• EXERCISE REQUIREMENTS
The output should match, line for line, the records from the line containing "Breit wie ein" through the line containing "Abanico antiguo de", with every picture left out.

• DATA
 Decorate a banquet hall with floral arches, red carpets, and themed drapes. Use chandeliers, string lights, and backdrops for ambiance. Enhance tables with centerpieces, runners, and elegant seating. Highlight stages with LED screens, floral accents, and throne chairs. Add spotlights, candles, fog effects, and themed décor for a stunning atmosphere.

--

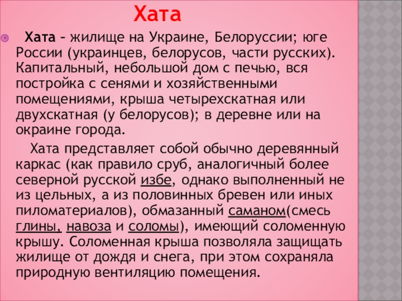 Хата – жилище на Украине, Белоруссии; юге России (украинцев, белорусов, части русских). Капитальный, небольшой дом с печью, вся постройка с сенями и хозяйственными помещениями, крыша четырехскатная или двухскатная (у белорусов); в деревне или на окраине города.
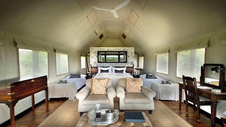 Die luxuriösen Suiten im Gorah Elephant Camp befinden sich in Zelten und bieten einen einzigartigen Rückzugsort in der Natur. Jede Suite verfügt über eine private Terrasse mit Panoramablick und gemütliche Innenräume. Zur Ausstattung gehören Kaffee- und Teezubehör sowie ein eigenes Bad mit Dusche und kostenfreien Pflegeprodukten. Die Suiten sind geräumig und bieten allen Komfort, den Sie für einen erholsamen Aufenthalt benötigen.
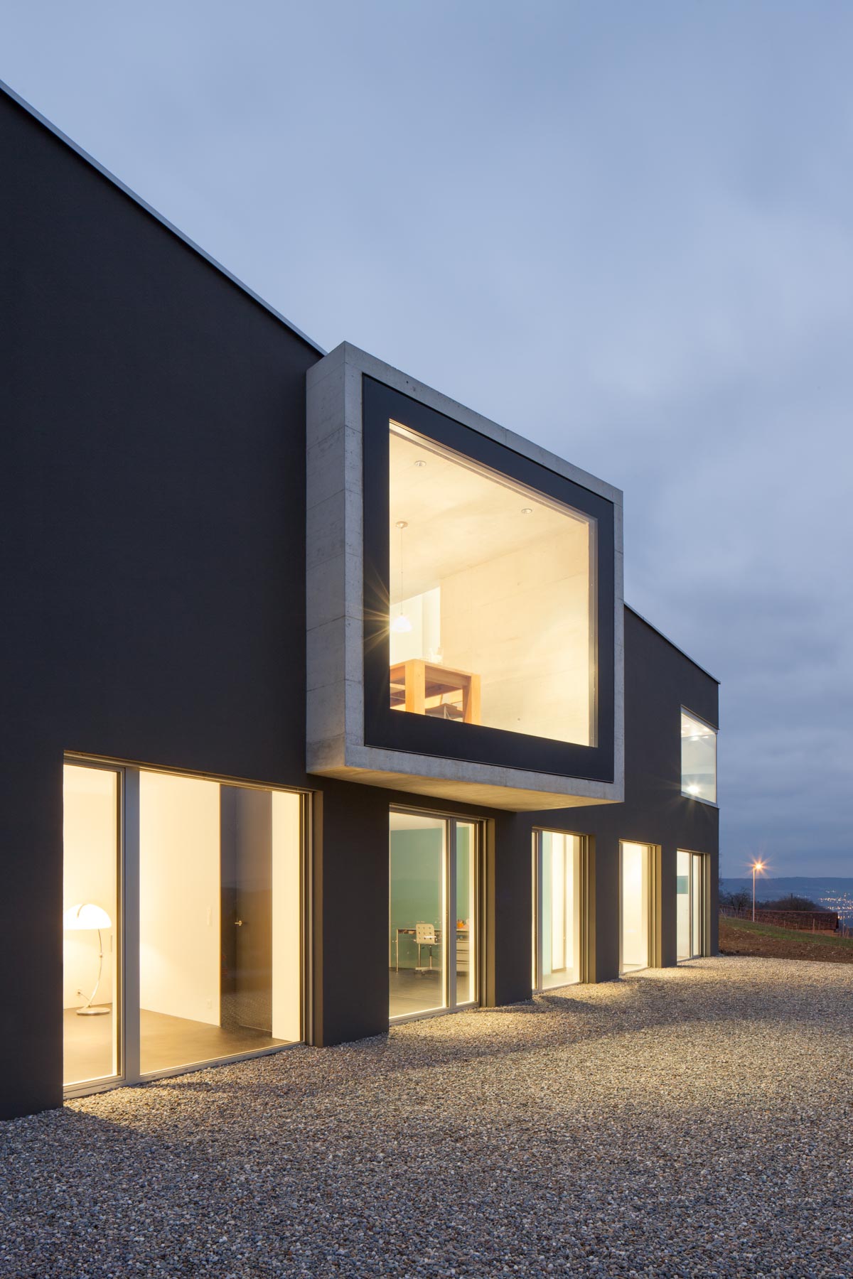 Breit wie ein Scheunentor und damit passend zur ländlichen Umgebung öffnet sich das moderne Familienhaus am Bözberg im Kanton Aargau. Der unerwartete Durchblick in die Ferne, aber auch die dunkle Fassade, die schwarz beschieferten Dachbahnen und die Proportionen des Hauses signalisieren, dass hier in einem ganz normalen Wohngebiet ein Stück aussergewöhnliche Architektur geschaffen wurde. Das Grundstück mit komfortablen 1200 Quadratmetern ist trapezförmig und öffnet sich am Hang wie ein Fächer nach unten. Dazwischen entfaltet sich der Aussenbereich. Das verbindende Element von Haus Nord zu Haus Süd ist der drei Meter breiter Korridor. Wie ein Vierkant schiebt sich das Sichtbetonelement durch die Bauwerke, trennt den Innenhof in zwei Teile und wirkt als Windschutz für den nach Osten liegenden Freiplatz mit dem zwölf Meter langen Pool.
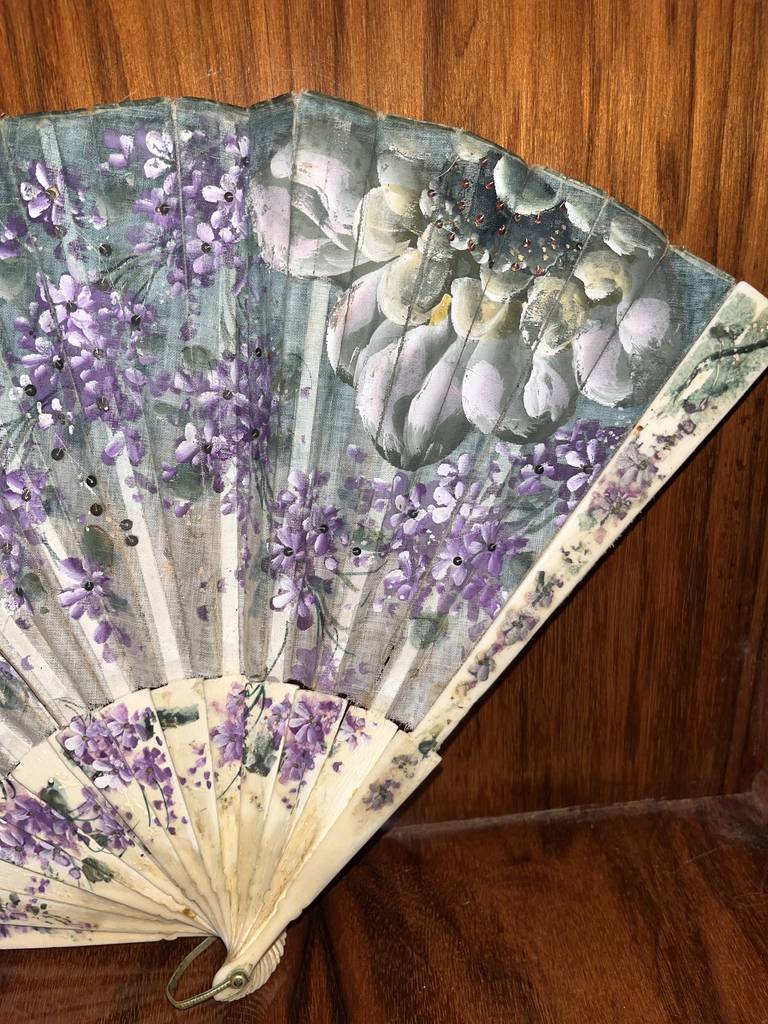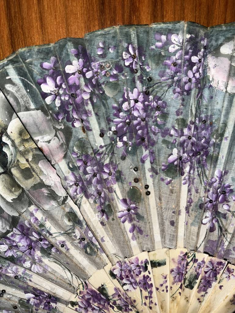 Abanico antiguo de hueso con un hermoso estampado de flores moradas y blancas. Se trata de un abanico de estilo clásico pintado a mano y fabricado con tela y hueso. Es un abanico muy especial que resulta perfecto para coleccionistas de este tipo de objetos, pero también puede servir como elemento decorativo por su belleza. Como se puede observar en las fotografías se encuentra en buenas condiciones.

==

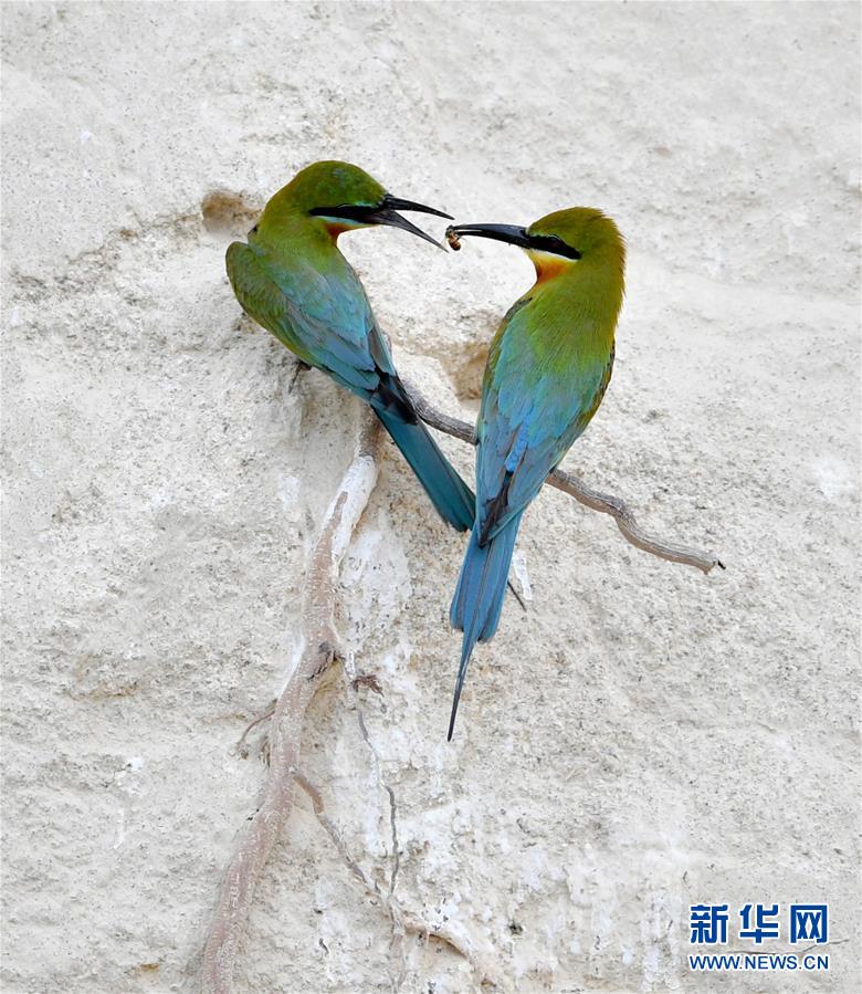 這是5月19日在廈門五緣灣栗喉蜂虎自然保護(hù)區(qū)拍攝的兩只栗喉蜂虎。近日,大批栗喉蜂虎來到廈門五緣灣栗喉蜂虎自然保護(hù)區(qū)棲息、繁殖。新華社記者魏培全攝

• COMPLETED EXERCISE
 Breit wie ein Scheunentor und damit passend zur ländlichen Umgebung öffnet sich das moderne Familienhaus am Bözberg im Kanton Aargau. Der unerwartete Durchblick in die Ferne, aber auch die dunkle Fassade, die schwarz beschieferten Dachbahnen und die Proportionen des Hauses signalisieren, dass hier in einem ganz normalen Wohngebiet ein Stück aussergewöhnliche Architektur geschaffen wurde. Das Grundstück mit komfortablen 1200 Quadratmetern ist trapezförmig und öffnet sich am Hang wie ein Fächer nach unten. Dazwischen entfaltet sich der Aussenbereich. Das verbindende Element von Haus Nord zu Haus Süd ist der drei Meter breiter Korridor. Wie ein Vierkant schiebt sich das Sichtbetonelement durch die Bauwerke, trennt den Innenhof in zwei Teile und wirkt als Windschutz für den nach Osten liegenden Freiplatz mit dem zwölf Meter langen Pool.
 Abanico antiguo de hueso con un hermoso estampado de flores moradas y blancas. Se trata de un abanico de estilo clásico pintado a mano y fabricado con tela y hueso. Es un abanico muy especial que resulta perfecto para coleccionistas de este tipo de objetos, pero también puede servir como elemento decorativo por su belleza. Como se puede observar en las fotografías se encuentra en buenas condiciones.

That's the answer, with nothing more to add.